A Brouhaha over German Bond Ratings

Incensed executives ask for a European agency

It was more than the Germans could bear. On Feb. 21, Standard & Poor's analysts cut the rating of ThyssenKrupp, the German steel- and capital-goods manufacturer by two notches, to junk bond status. Thyssen executives first angrily denounced the downgrade to BB+ as "incomprehensible." Then they called in backup.

The result: The politicians have joined the chorus of criticism. Some pols even want a new "European" ratings agency. "The [agencies'] growing power in this country is a real problem," says Joachim Poss, a financial affairs spokesman for Chancellor Gerhard Schröder's Social Democrats.

ThyssenKrupp and other companies are relying more and more on the bond markets to raise capital these days, and a poor rating costs them money in the form of higher coupon rates. Under new international banking regulations, known as Basel II, which will take effect in 2005, a poor rating could also result in higher rates on bank loans. The Germans accuse Standard & Poor's, which like BusinessWeek is a division of the McGraw-Hill Companies, and its New York crosstown rival, Moody's Investors Service, of failing to understand European business culture. They also hint that the downgrade might be linked to the political spat between Berlin and Washington over Iraq.

Dietrich Jahn, a senior official at the Finance Ministry, suggests that Europe needs its own ratings agency. Other SDP stalwarts support that idea. "If the agencies don't understand the way we do things here, our companies will lose out," says Poss. "Their competitiveness will be undermined." Even before the current storm, Finance Minister Hans Eichel was planning to introduce legislation next year to "ensure the reliability of ratings." His staff says that could include a code of conduct for agencies operating in Germany.

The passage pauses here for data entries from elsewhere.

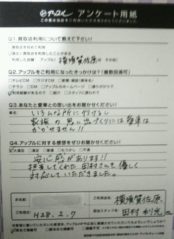 お車のご相談・ 査定だけでもOK! カンタン 入力 30秒 アップルがブランド買取始めました! お電話でも受付中! 受付時間9:30 ~ 18:30 046-833-8881 お車のご相談・ 査定だけでもOK! カンタン 入力 30秒 アップルがブランド買取始めました! お電話でも受付中! 受付時間9:30 ~ 18:30 046-833-8881 アップルがブランド買取始めました! お電話でも受付中! 受付時間9:30 ~ 18:30 046-833-8881 店舗情報 在庫車 スタッフ紹介 ブログ お客様の声 キャンペーン お得 無料査定 click お客様の声 ご記入日: 2016/02/07 A・Y様 ■ご利用日時■ H28年2月7日■車種■ ライトエースノア■担当者■ 田村【アップルに対する感想をぜひお書きください】満足度★★★★★安心感があります。担当してくれた田村さんも優しく対応していただきました。 前へ 次へ お客様の声一覧を見る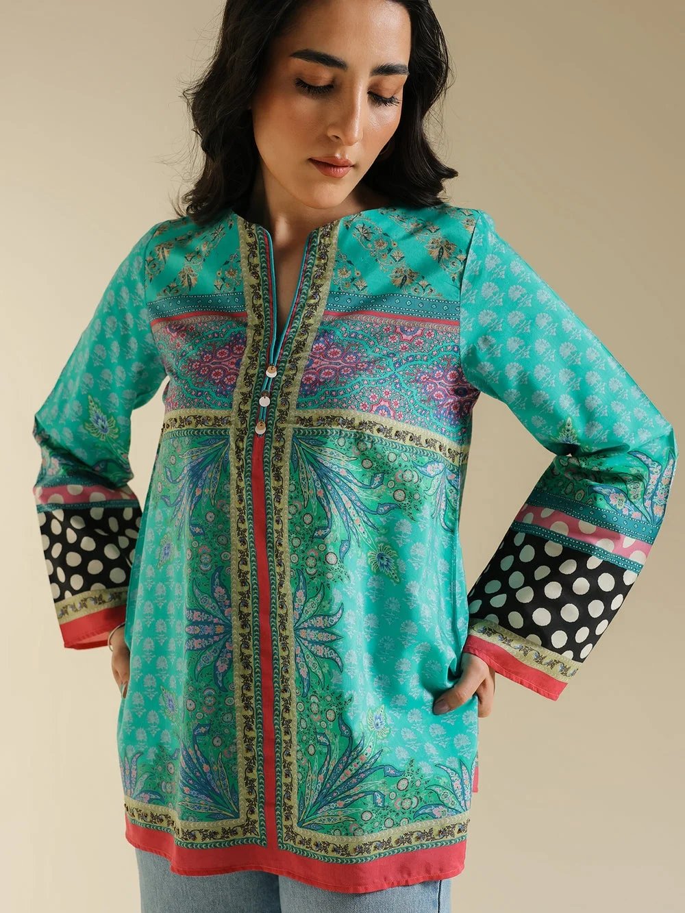 Be the epitome of grace and sophistication in this elegant kurti rendered in a vibrant sea green shade. Crafted in a contemporary silhouette beautifully enriched with aesthetically rich floral prints in mesmerizing colors, this classy kurti is a must have to style at fun occasions this happening season.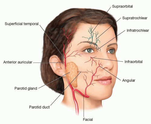 FIG 3 • The major arteries of the face. These arteries arise from the external carotid system (in red) and the internal carotid system (in green). Path of the parotid duct or Stensen duct. Lacerations in this line should be evaluated for laceration of the parotid duct system.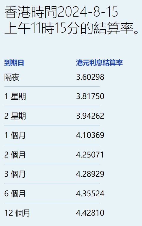 8月15日,港元拆息个别发展,其中,隔夜息回落16基点至3.60298%,为5月7日以来最低,而与楼按相关的一个月拆息则连升两天,报4.10369%,创逾一周新高。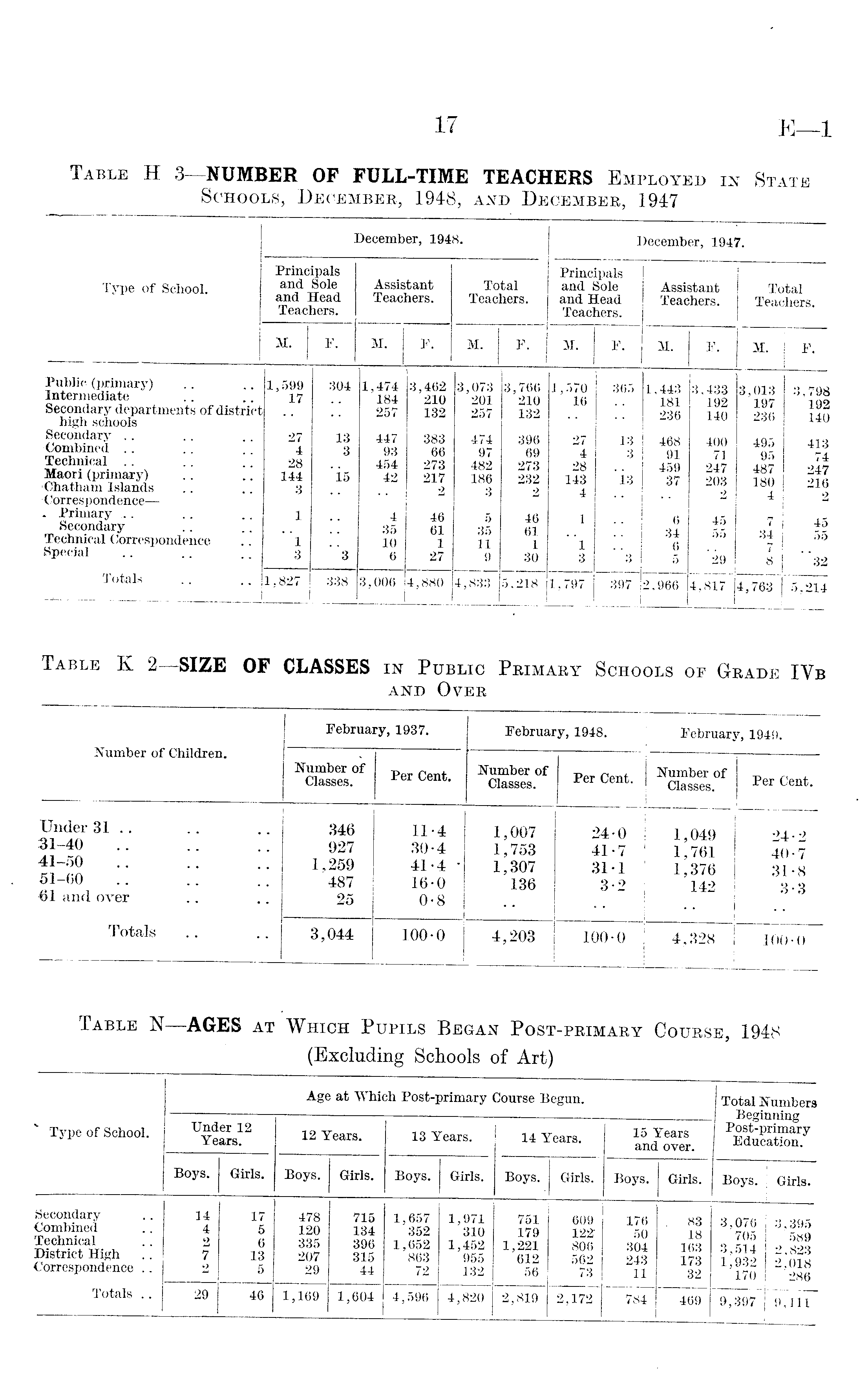 Table H3 —NUMBER OF FULL-TIME TEACHERS Employed in State Schools, December, 1948, and December, 1947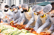 가락시장과 강서시장은 올해도 겨울이 힘겨운 이웃에 김장김치 10만포기를 기부하는 국내 최대규모 김장나눔 행사를 개최했다. 서울시농수산식품공사(사장 문영표)는 가락시장 사회공헌법인인 희망나눔마켓 주관으로 11월17일 가락몰 3층 하늘공원에서 '2025 김장나눔 시민대축제'를 성료했다고 밝혔다. 올해 들어 가장 추운 날씨였지만 유통인, 시민, 기업체 자원봉사자와 공사 임직원 등 총 564명이 참석한 이번 행사에서는 현장에서 봉사자들이 담근 김치 포함 10kg상자 1만개, 총 100톤 8만포기를 서울시 400여개 복지단체에 기부하는 전달식을 가졌다. 올해는 지난해와 달리 시장 외부의 기업체(한솔섬유, 서울신용보증재단, 서울시투자기관ESG경영실무협의체 등)의 참여가 증가한 것이 눈에 띄었다. 장영일 희망나눔마켓 국장은 "18년째를 맞이한 이번 행사가 외부에 좋은 영향력을 미치는 것 같아서 실무자로서 큰 보람을 느낀다"고 말했다. 공사는 이에 앞서 11월12일 강서시장에서 '2025 강서시장 사랑의 김장나눔 행사'를 개최한 바 있다. 강서시장 유통인, 강서구새마을부녀회, 공사 임직원 등이 함께한 행사를 통해 10kg상자 2,500개, 총 25톤 2만포기를 강서구 관내

And what is it that the ratings agencies don't understand? In the case of Thyssen, the downgrade was triggered by the company's large and growing pension liability. Thyssen executives insist that it is normal for part of the pension liability to be funded out of cash flow, and its failure to set aside enough funds to meet obligations into the future is meaningless. CEO Ekkehard D. Schulz says the company was downgraded even though there had been no deterioration in its situation. "In fact, the opposite is the case," he says. "The facts concerning ThyssenKrupp have not changed."

Torsten Hinrichs, the head of S&P in Germany, notes that decisions about ratings changes are made by five-member panels, and that most of the agency's staff in Europe are Europeans. Moreover, he adds, "we use the same criteria for all our ratings so that they are comparable everywhere." Also, "it is unthinkable that our ratings are influenced by politics." Institutional investors don't see a need for a Europe-only agency.

The damage control squad is already at work. An official from Schröder's office says no specific legislation is planned that would change the dynamics of the ratings industry. Maybe the controversy will die down. Still, a nerve has been touched.